The bit about some tests being discarded is ominous. In effect, when the property is constructed with the ==> combinator, QC discards the randomly generated tests on which the precondition is false. In the above case QC grinds away on the remainder until it can meet its target of 10000 valid tests. This is because the probability of a randomly generated list meeting the precondition (having distinct elements) is high enough. This may not always be the case.

The following code is (a simplified version of) the insert function from the standard library

> insert x []                 = [x]
> insert x (y:ys) | x < y     = x : y : ys
>                 | otherwise = y : insert x ys

Given an element x and a list xs, the function walks along xs till it finds the first element greater than x and it places x to the left of that element. Thus

ghci> insert 8 ([1..3] ++ [10..13])
[1,2,3,8,10,11,12,13]

Indeed, the following is the well known insertion-sort algorithm

> isort :: (Ord a) => [a] -> [a]
> isort xs = foldr insert [] xs

We could write our own tests, but why do something a machine can do better?!

> prop_isort_sort    :: [Int] -> Bool
> prop_isort_sort xs = isort xs == sort xs

ghci> quickCheckN 10000 prop_isort_sort
+++ OK, passed 10000 tests.

Now, the reason that the above works is that the insert routine preserves sorted-ness. That is while of course the property

> prop_insert_ordered'      :: Int -> [Int] -> Bool
> prop_insert_ordered' x xs = isOrdered (insert x xs)

is bogus

ghci> quickCheckN 10000 prop_insert_ordered'
*** Failed! Falsifiable (after 4 tests and 1 shrink):
0
[0,-1]

ghci> insert 0 [0, -1]
[0, -1, 0]

the output is ordered if the input was ordered to begin with

> prop_insert_ordered      :: Int -> [Int] -> Property
> prop_insert_ordered x xs =
>   isOrdered xs ==> isOrdered (insert x xs)

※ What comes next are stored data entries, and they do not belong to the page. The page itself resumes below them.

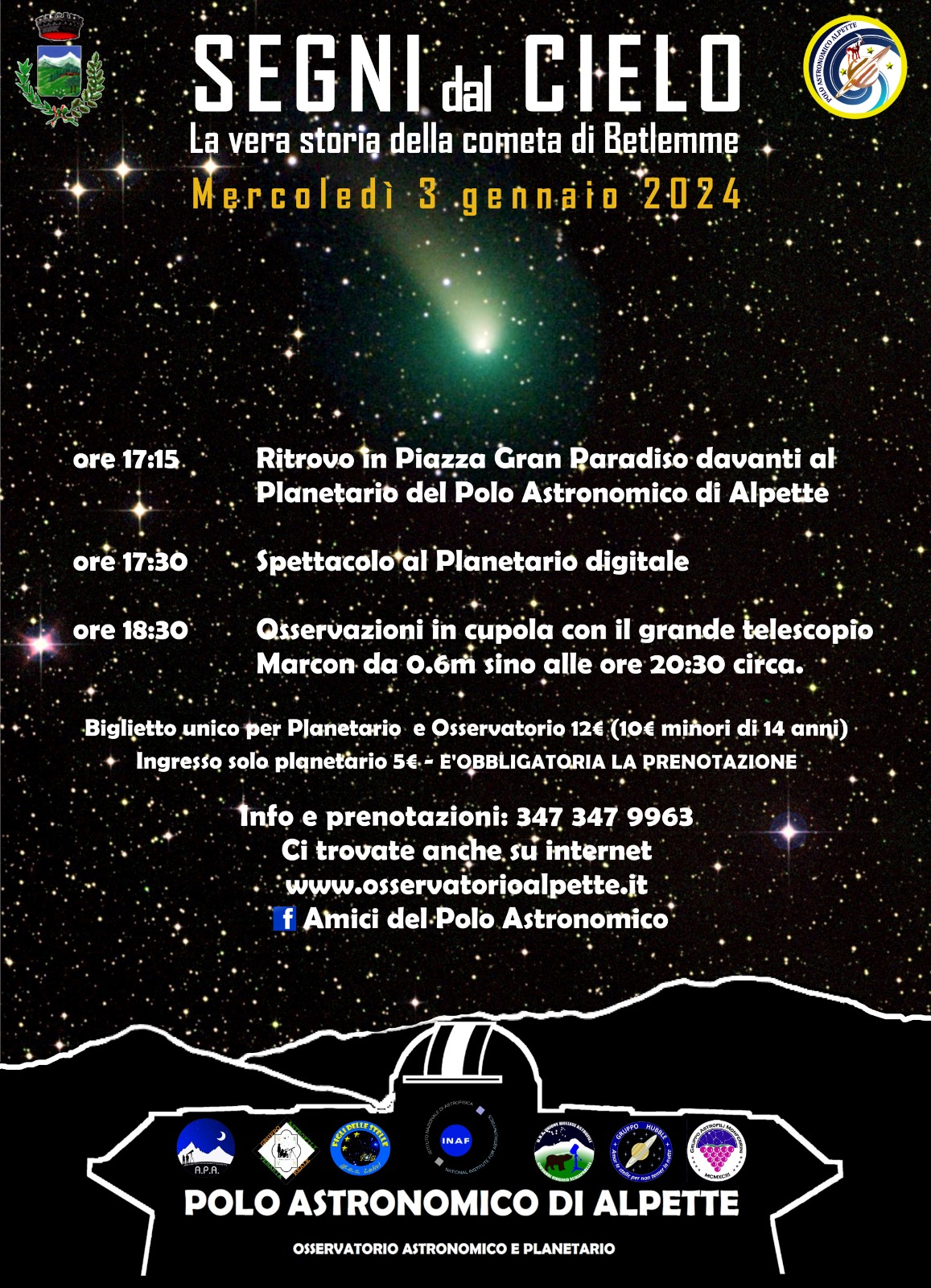 Ore 17.15 - ritrovo presso Piazza Gran Paradiso davanti al Planetario Digitale di Alpette e inizio spettacolo alle 17.30
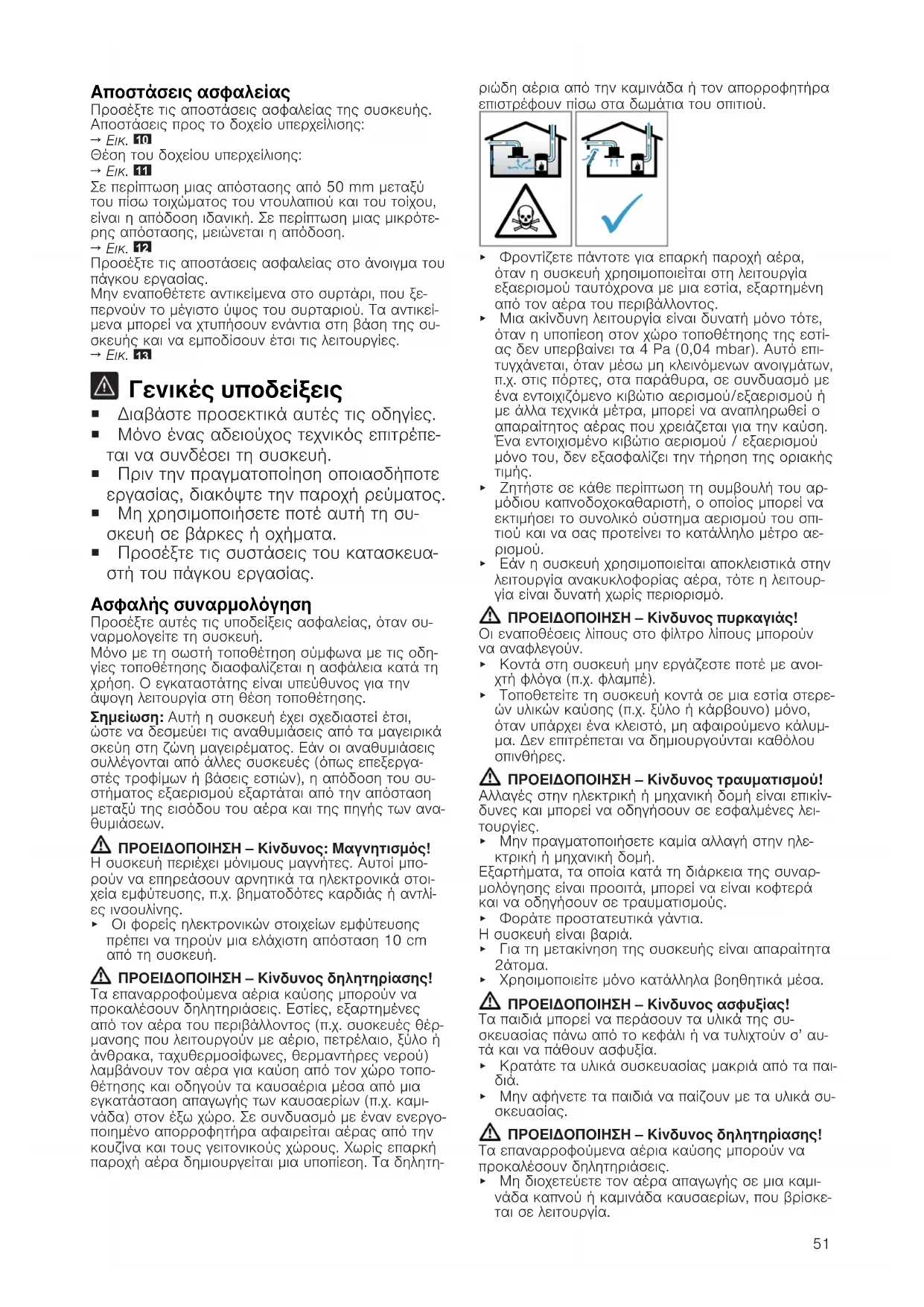 ΠΡΟΕΙΔΟΠΟΙΗΣΗ‒Κίνδυνος: Μαγνητισμός! Η συσκευή περιέχει μόνιμους μαγνήτες. Αυτοί μπο- ρούν να επηρεάσουν αρνητικά τα ηλεκτρονικά στοι- χεία εμφύτευσης, π.χ. βηματοδότες καρδιάς ή αντλί- ες ινσουλίνης. ▶ Οι φορείς ηλεκτρονικών στοιχείων εμφύτευσης πρέπει να τηρούν μια ελάχιστη απόσταση 10 cm από τη συσκευή. ΠΡΟΕΙΔΟΠΟΙΗΣΗ‒Κίνδυνος δηλητηρίασης! Τα επαναρροφούμενα αέρια καύσης μπορούν να προκαλέσουν δηλητηριάσεις. Εστίες, εξαρτημένες από τον αέρα του περιβάλλοντος (π.χ. συσκευές θέρ- μανσης που λειτουργούν με αέριο, πετρέλαιο, ξύλο ή άνθρακα, ταχυθερμοσίφωνες, θερμαντήρες νερού) λαμβάνουν τον αέρα για καύση από τον χώρο τοπο- θέτησης και οδηγούν τα καυσαέρια μέσα από μια εγκατάσταση απαγωγής των καυσαερίων (π.χ. καμι- νάδα) στον έξω χώρο. Σε συνδυασμό με έναν ενεργο- ποιημένο απορροφητήρα αφαιρείται αέρας από την κουζίνα και τους γειτονικούς χώρους. Χωρίς επαρκή παροχή αέρα δημιουργείται μια υποπίεση. Τα δηλητη- ριώδη αέρια από την καμινάδα ή τον απορροφητήρα επιστρέφουν πίσω στα δωμάτια του σπιτιού. ▶ Φροντίζετε πάντοτε για επαρκή παροχή αέρα, όταν η συσκευή χρησιμοποιείται στη λειτουργία εξαερισμού ταυτόχρονα με μια εστία, εξαρτημένη από τον αέρα του περιβάλλοντος. ▶ Μια ακίνδυνη λειτουργία είναι δυνατή μόνο τότε, όταν η υποπίεση στον χώρο τοποθέτησης της εστί- ας δεν υπερβαίνει τα 4 Pa (0,04 mbar). Αυτό επι- τυγχάνεται, όταν μέσω μη κλεινόμενων ανοιγμάτων, π.χ. στις πόρτες, στα παράθυρα, σε συνδυασμό με ένα εντοιχιζόμενο κιβώτιο αερισμού/εξαερισμού ή με άλλα τεχνικά μέτρα, μπορεί να αναπληρωθεί ο απαραίτητος αέρας που χρειάζεται για την καύση. Ένα εντοιχισμένο κιβώτιο αερισμού / εξαερισμού μόνο του, δεν εξασφαλίζει την τήρηση της οριακής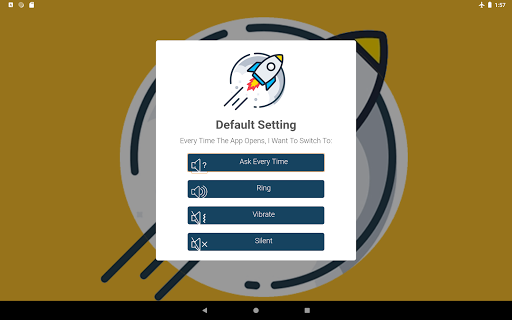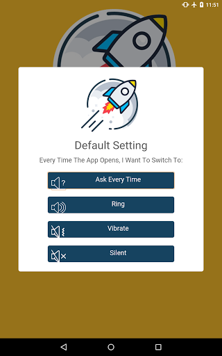 🔈❔ Added an ' Ask Every Time' option (as requested by users). - With this option selected, every time you launch the app you can choose to switch between Ring / Vibrate / Silent (instead of having a 1 tap default behaviour for the app)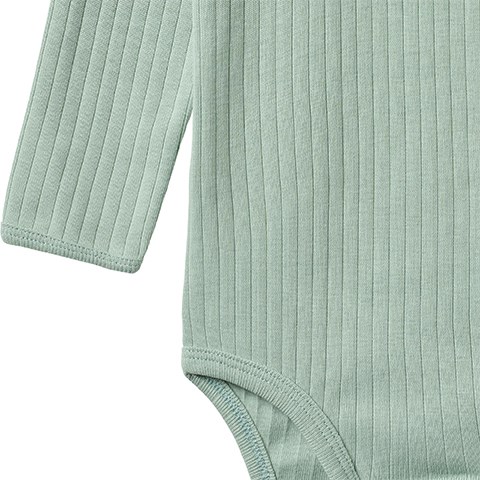 Langærmet ribbody i blød økologisk bomuld til babyer. Bodyen har trykknapper på skulder og i skridt. Pasformen er slimfit.

Notice that now, the precondition is more complex – the property requires that the input list be ordered. If we QC the property

ghci> quickCheckN 10000 prop_insert_ordered
*** Gave up! Passed only 5409 tests.

Ugh! The ordered lists are so sparsely distributed among random lists, that QC timed out well before it found 10000 valid inputs!

Aside the above example also illustrates the benefit of writing the property as p ==> q instead of using the boolean operator (||) to write not p || q. In the latter case, there is a flat predicate, and QC doesn’t know what the precondition is, so a property may hold vacuously. For example consider the variant

> prop_insert_ordered_vacuous :: Int -> [Int] -> Bool
> prop_insert_ordered_vacuous x xs =
>   not (isOrdered xs) || isOrdered (insert x xs)

QC will happily check it for us

ghci> quickCheckN 1000 prop_insert_ordered_vacuous
+++ OK, passed 10000 tests.

Unfortunately, in the above, the tests passed vacuously only because their inputs were not ordered, and one should use (==>) to avoid the false sense of security delivered by vacuity.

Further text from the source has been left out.